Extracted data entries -
########################################

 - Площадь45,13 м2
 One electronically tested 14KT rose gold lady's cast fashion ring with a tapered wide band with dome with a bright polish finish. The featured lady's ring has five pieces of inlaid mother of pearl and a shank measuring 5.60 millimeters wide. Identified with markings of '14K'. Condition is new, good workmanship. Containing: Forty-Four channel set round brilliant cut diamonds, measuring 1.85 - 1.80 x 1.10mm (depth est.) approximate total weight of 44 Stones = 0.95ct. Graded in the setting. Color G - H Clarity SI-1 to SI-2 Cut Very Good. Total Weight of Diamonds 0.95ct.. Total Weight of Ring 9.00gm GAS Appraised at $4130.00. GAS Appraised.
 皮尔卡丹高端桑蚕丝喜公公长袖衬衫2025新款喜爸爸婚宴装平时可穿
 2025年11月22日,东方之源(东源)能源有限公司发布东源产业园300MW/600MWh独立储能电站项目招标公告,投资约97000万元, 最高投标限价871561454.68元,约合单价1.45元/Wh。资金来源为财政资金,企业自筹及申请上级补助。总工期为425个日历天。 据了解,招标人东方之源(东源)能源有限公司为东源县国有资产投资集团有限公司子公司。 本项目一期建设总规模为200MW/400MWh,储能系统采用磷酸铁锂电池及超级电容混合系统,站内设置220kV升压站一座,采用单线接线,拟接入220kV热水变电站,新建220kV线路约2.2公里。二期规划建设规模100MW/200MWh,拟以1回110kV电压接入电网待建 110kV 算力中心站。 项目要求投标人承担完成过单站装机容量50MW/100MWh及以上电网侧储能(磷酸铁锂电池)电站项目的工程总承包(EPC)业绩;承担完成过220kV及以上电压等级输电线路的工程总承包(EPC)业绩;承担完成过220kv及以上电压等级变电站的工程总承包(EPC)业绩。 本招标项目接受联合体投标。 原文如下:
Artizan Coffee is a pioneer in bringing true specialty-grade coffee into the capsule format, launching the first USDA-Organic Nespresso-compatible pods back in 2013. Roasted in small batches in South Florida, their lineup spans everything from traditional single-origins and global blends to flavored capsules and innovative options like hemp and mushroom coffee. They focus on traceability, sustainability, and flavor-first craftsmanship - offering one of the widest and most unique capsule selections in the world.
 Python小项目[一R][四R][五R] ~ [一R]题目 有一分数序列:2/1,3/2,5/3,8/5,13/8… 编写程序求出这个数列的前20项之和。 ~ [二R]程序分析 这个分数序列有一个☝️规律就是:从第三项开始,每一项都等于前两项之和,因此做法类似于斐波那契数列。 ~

########################################

DESCRIPTION OF THE TASK -
Starting with the first line above and ending with the line that holds "皮尔卡丹高端桑蚕丝喜公公长袖衬衫2025新款喜爸爸婚宴装平时可穿", restate each line word for word and add nothing else.

EXERCISE ANSWER -
 - Площадь45,13 м2
 One electronically tested 14KT rose gold lady's cast fashion ring with a tapered wide band with dome with a bright polish finish. The featured lady's ring has five pieces of inlaid mother of pearl and a shank measuring 5.60 millimeters wide. Identified with markings of '14K'. Condition is new, good workmanship. Containing: Forty-Four channel set round brilliant cut diamonds, measuring 1.85 - 1.80 x 1.10mm (depth est.) approximate total weight of 44 Stones = 0.95ct. Graded in the setting. Color G - H Clarity SI-1 to SI-2 Cut Very Good. Total Weight of Diamonds 0.95ct.. Total Weight of Ring 9.00gm GAS Appraised at $4130.00. GAS Appraised.
 皮尔卡丹高端桑蚕丝喜公公长袖衬衫2025新款喜爸爸婚宴装平时可穿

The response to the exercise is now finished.